_The task_
Starting with the line that contains "DESCRIPTION: Fur fluffy", copy each line exactly through the end of the listing, and omit all pictures.
______
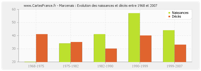 Marcenais : évolution des naissances et décès de 1968 à 2007
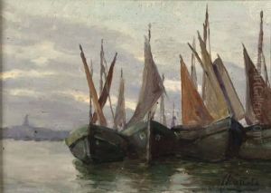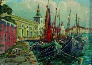 Barche In Laguna Oil Painting by Ferruccio Scattola
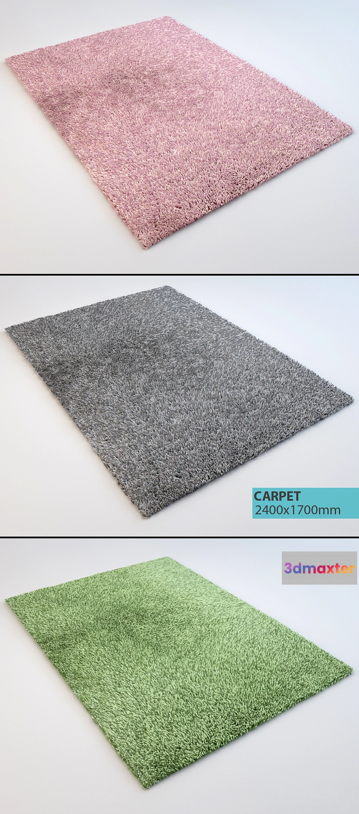 DESCRIPTION: Fur fluffy rugs – the colors: gray green and pink ATTENTION !!! To correctly display: System Units Setup – Millimeters Rendering> Effects> Hair and Fur> Hair> mr prim only format .MAX-files .max2011 (Hair and Fur) .max2014 (Hair and Fur) ACCELERATION renderer: reduce parameter Hair count up to 75000-40000
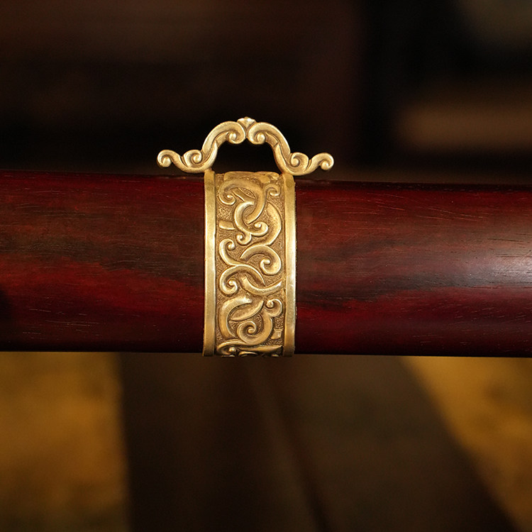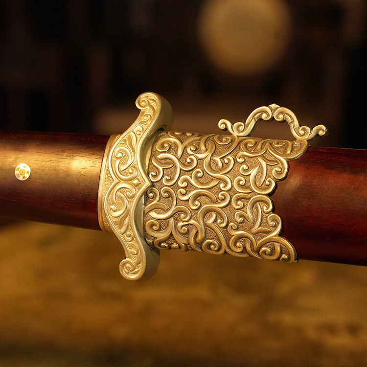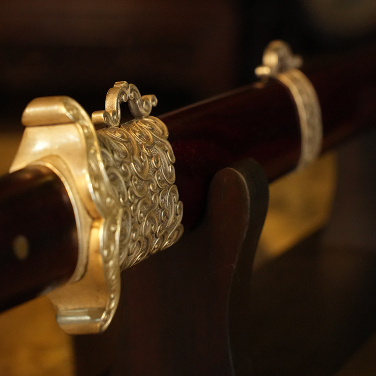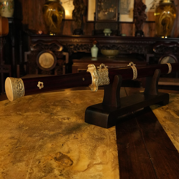 材质:古法锻制陨铁剑身,纯银手工精雕外装,小叶紫檀剑鞘
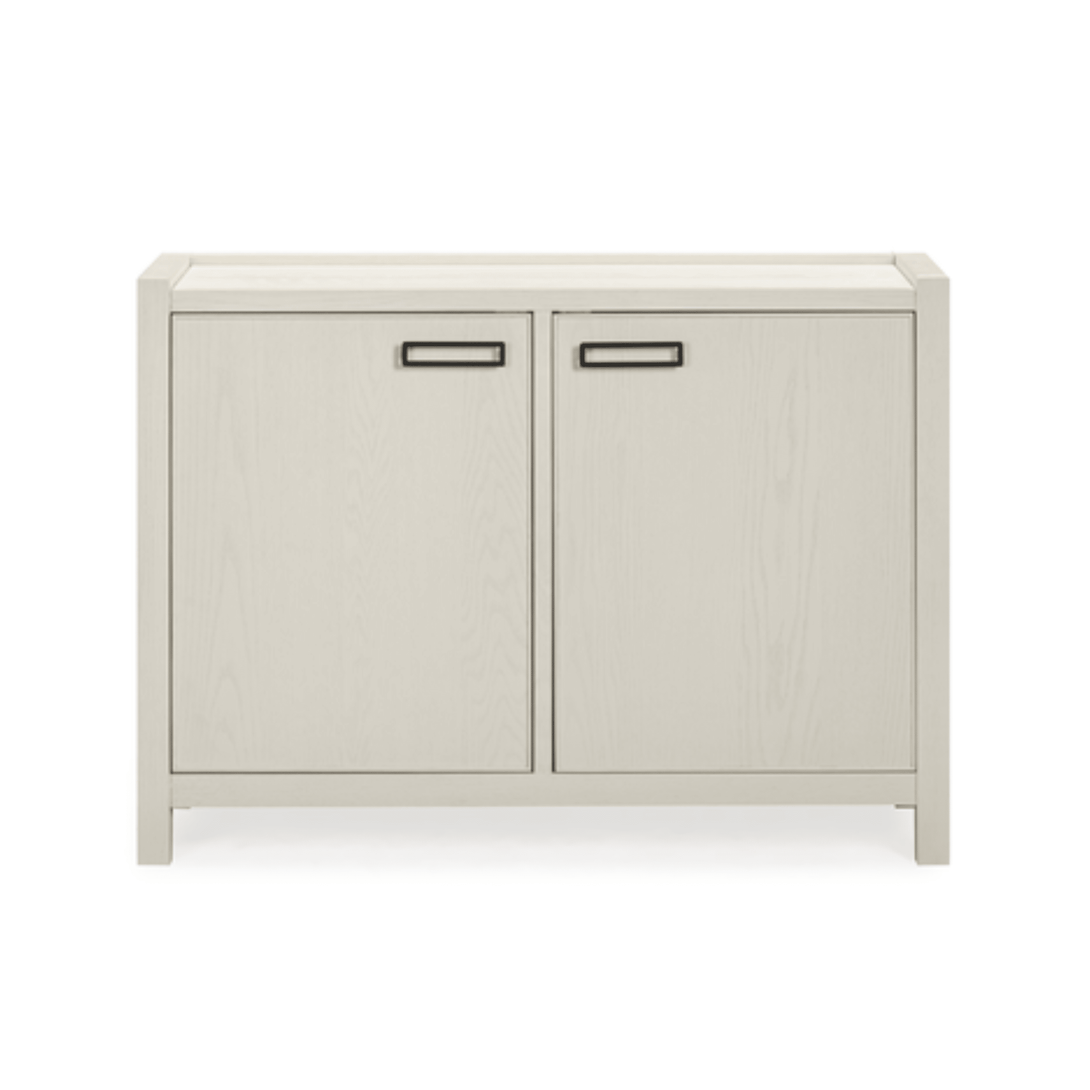 Finished in a sleek cream oak veneer with a choice of brushed metal handles, this sideboard adds a luxe touch to modern interiors.
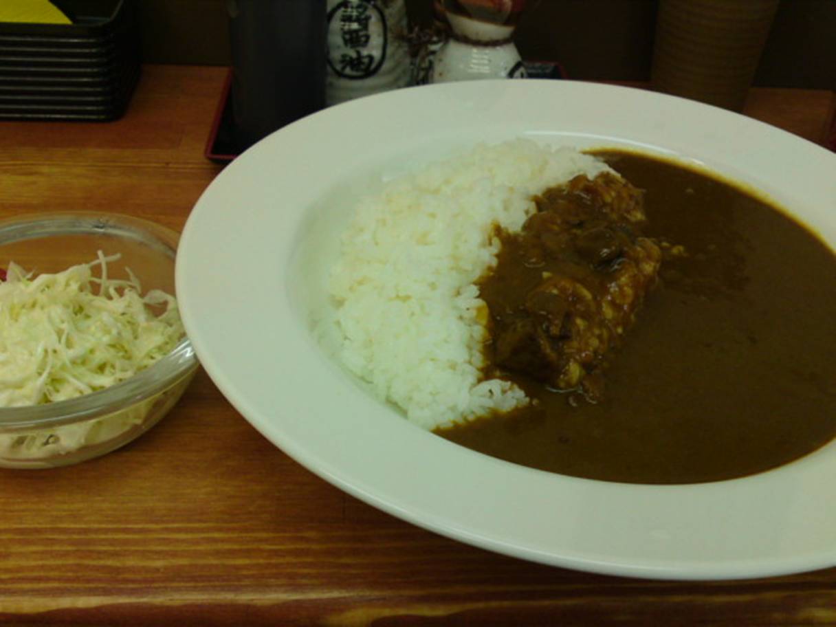 広島市西区三篠町3-7-10 今日はランチでカレーを食べに。 そう言えばここにカレー屋さんができていたな。 なんて思って行ってみた。 仕事の人も「カレー、カレー」なんて言ってたので連れて行く。 しかし入るとなんだかお弁当屋さんの雰囲気。 そうか、以前はほんとに弁当屋さんだったよね。 ご主人さんが一人でやってる感じでわりとのんびりやってる雰囲気。 まぁ、大きな期待はしないで良さそうな雰囲気が嬉しい。 カレーライス(大)650円。 牛肉がころころ入っているカレーですね。 食べると何となく懐かしいというか家庭的なカレー。 スパイス感とかはあまりなく、少し重いけどなんだかご飯と食べる悪くない。 真っ赤な福神漬けと食べるとまた楽しくなる。 ちなみにカレー(中)で500円。 これなら安いですね。 トッピングもたくさんあるのでチョイスしたら面白いな。 あと小さなサラダも付いてくるのも嬉しいね。 次は定食もいいな(500円である)。 ご馳走様でした。
______
_Solution for this task_
 DESCRIPTION: Fur fluffy rugs – the colors: gray green and pink ATTENTION !!! To correctly display: System Units Setup – Millimeters Rendering> Effects> Hair and Fur> Hair> mr prim only format .MAX-files .max2011 (Hair and Fur) .max2014 (Hair and Fur) ACCELERATION renderer: reduce parameter Hair count up to 75000-40000
 材质:古法锻制陨铁剑身,纯银手工精雕外装,小叶紫檀剑鞘
 Finished in a sleek cream oak veneer with a choice of brushed metal handles, this sideboard adds a luxe touch to modern interiors.
 広島市西区三篠町3-7-10 今日はランチでカレーを食べに。 そう言えばここにカレー屋さんができていたな。 なんて思って行ってみた。 仕事の人も「カレー、カレー」なんて言ってたので連れて行く。 しかし入るとなんだかお弁当屋さんの雰囲気。 そうか、以前はほんとに弁当屋さんだったよね。 ご主人さんが一人でやってる感じでわりとのんびりやってる雰囲気。 まぁ、大きな期待はしないで良さそうな雰囲気が嬉しい。 カレーライス(大)650円。 牛肉がころころ入っているカレーですね。 食べると何となく懐かしいというか家庭的なカレー。 スパイス感とかはあまりなく、少し重いけどなんだかご飯と食べる悪くない。 真っ赤な福神漬けと食べるとまた楽しくなる。 ちなみにカレー(中)で500円。 これなら安いですね。 トッピングもたくさんあるのでチョイスしたら面白いな。 あと小さなサラダも付いてくるのも嬉しいね。 次は定食もいいな(500円である)。 ご馳走様でした。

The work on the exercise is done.